En principio, para que exista un país y que este pueda ser considerado una nación independiente, se estudian varios elementos, en función de la diversidad de opiniones de las que gozamos, cada uno le podrá poner la mezcla que desee, pero con toda seguridad se mencionarán tres, una población permanente, un territorio definido y un gobierno fruto de una decisión popular manifestada en las urnas. Considero que si no entramos a discusiones, sobre cómo se integra la población, o quién está por encima de quién, si no que comprendemos que solo se refiere al conjunto de habitantes de un lugar; y si nos olvidamos por un momento, sobre el diferendo territorial con Belice y nos basamos en los límites territoriales de Guatemala, reconocidos internacionalmente, habremos concluido con que contamos con población y territorio.

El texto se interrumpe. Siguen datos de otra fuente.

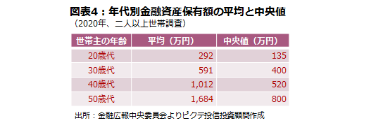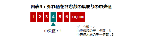 上述の金融資産保有額などの平均が実感できる「並」の金額よりも高額だと感じられるのは、これらの平均金額が、外れ値に相当する少数の富裕層(高額資産保有世帯)の存在によって大きく引き上げられたためです。この平均に代わって「並」をよく表してくれるのが「中央値」です。中央値はデータを大きさの順に並べた時に中央にくる数字です(データ数が偶数個の場合は中央2つの数字の算術平均)。中央値よりも大きな数字と⼩さな数字のデータ数が同じになり、一般的に「平均」という言葉がイメージさせる「並」や「だいたい真ん中あたり」に近い数字になります。図表1に示したサイコロの目の中央値は3.5で変わりませんが※、図表3に示すように外れ値を含む数字の集まりの中央値は4で、中央値を上回るデータ数と下回るデータ数が同じになります。年代別の金融資産保有額の中央値は30歳代で400万円、40歳代で520万円、50歳代で800万円です。「世間の平均的な額」として、より実感を伴う水準に近づいたのではないでしょうか。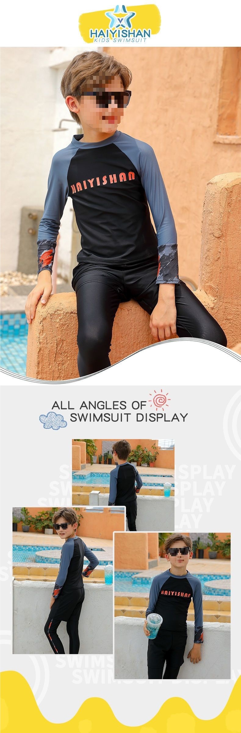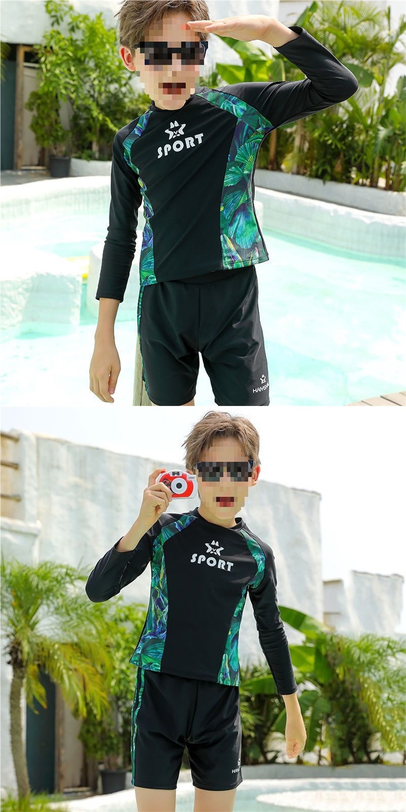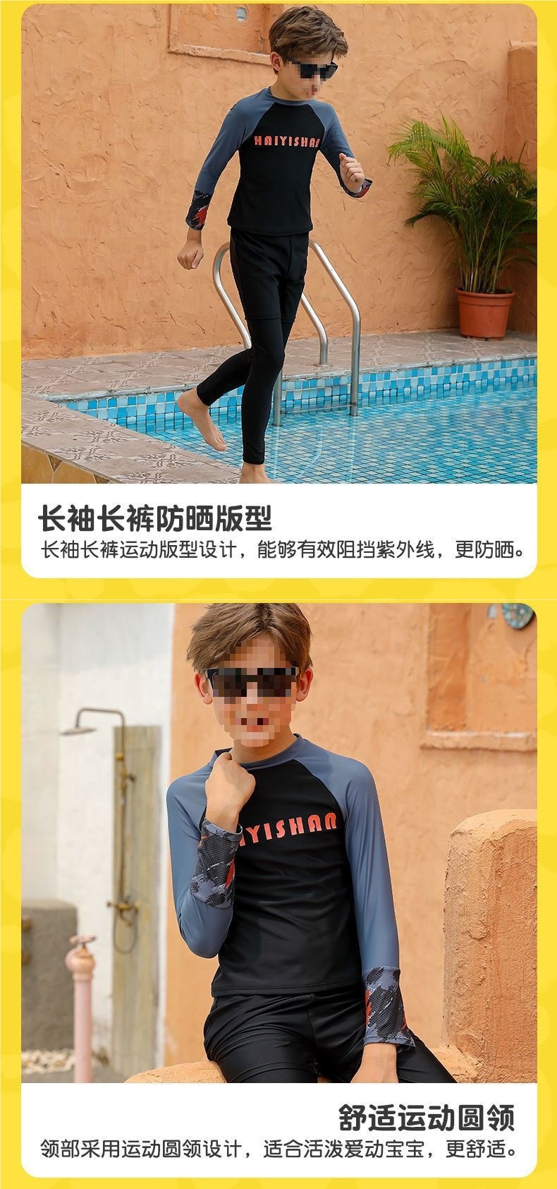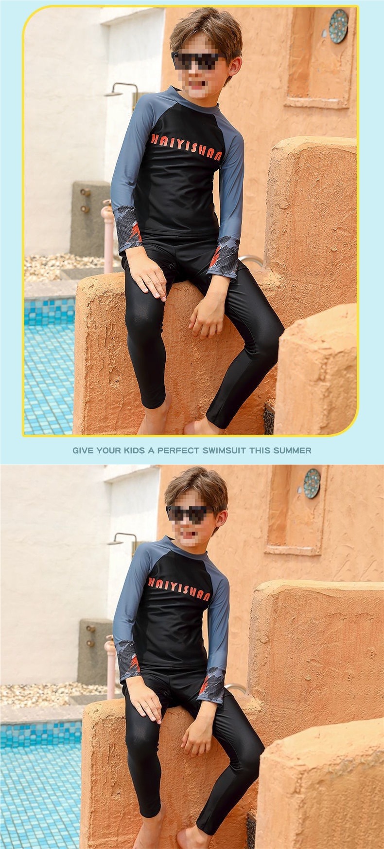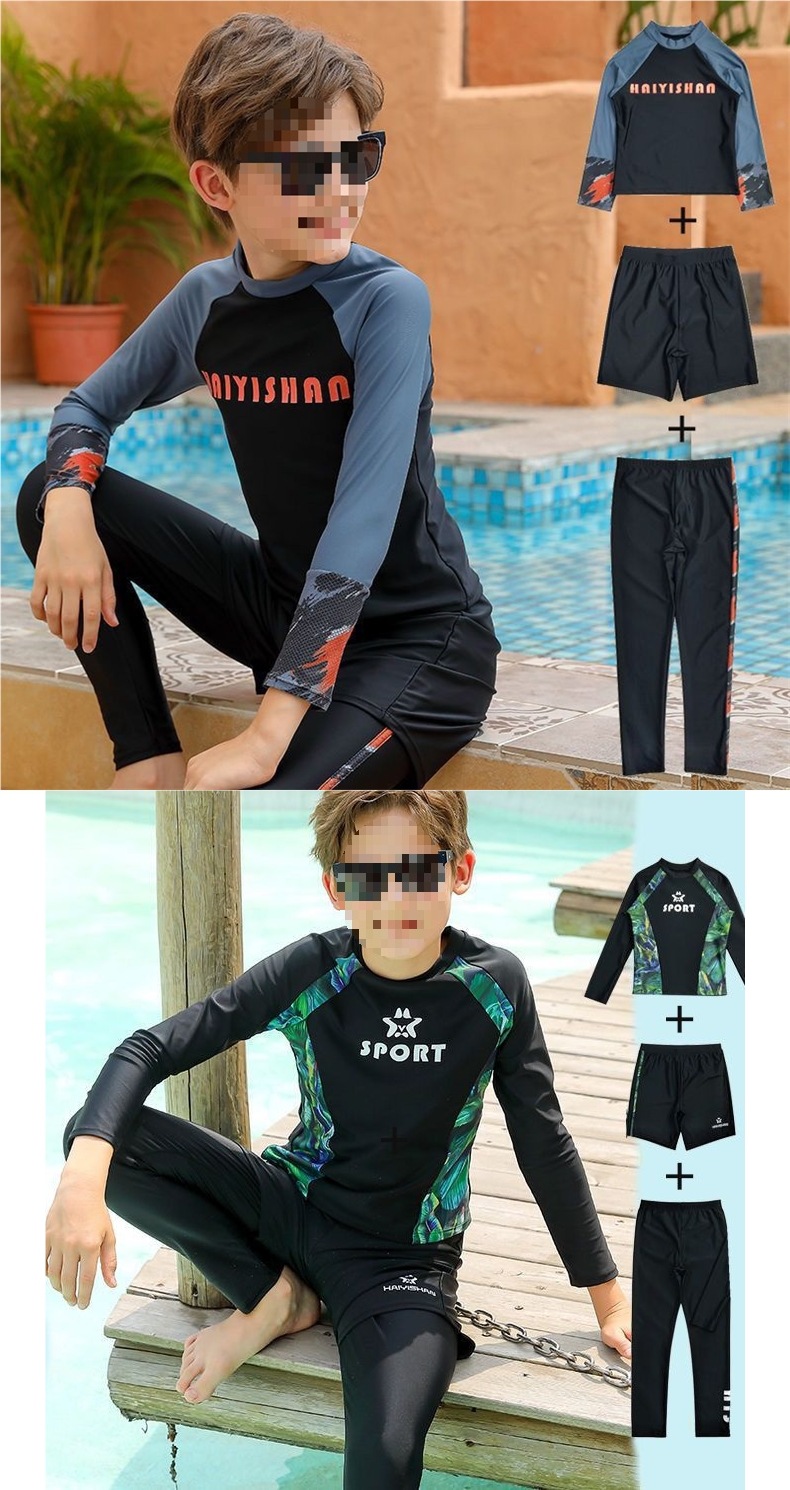 어린이 분할 수영복 소년의 분할 긴 소매 바지 태양 보호 다이빙 세트 해변 휴일 십대 3 피스 세트스토어 가기

Capítulo aparte se merece el Gobierno, el elemento que integra, junto a los dos anteriores, aquellos que hemos descrito como los más importantes, para determinar la existencia de un país, pero que es, el que más define, dentro de la expectativa de lo que es un país independiente, si este en verdad lo es o no. En lo que a mí respecta, si se juzgara su capacidad o su aptitud, bastante más cerca de un desgobierno nos encontramos, término que aplicaría para describir la seguidilla de malos gobiernos que hemos tenido. Sin embargo, reconozco que hemos votado en libertad, cuando lamentablemente hemos elegido a quienes nos han gobernado y la independencia radica precisamente en ese ejercicio democrático, no en nuestra habilidad para saber elegir bien o no.

Dicho lo anterior, Guatemala se independizó del Reino de España en 1,821 y en una de las mayores contradicciones para quienes defiendan o critiquen la invasión española o la conquista del territorio de Guatemala de aquel entonces, nos conquistaron indígenas mexicanos con unos cuentos españoles al frente y nos independizaron de España, un grupo de criollos españoles nacidos en América, a partir de entonces, tuvimos la oportunidad de decidir, bien o mal, pero en libertad. Yo celebraré la independencia de Guatemala como cada 15 de septiembre, pues entiendo que en esa fecha nació nuestro país. Si no nos gusta lo que tenemos trabajemos para cambiarlo, hay muchísimo margen de mejora, feliz cumpleaños Guatemala.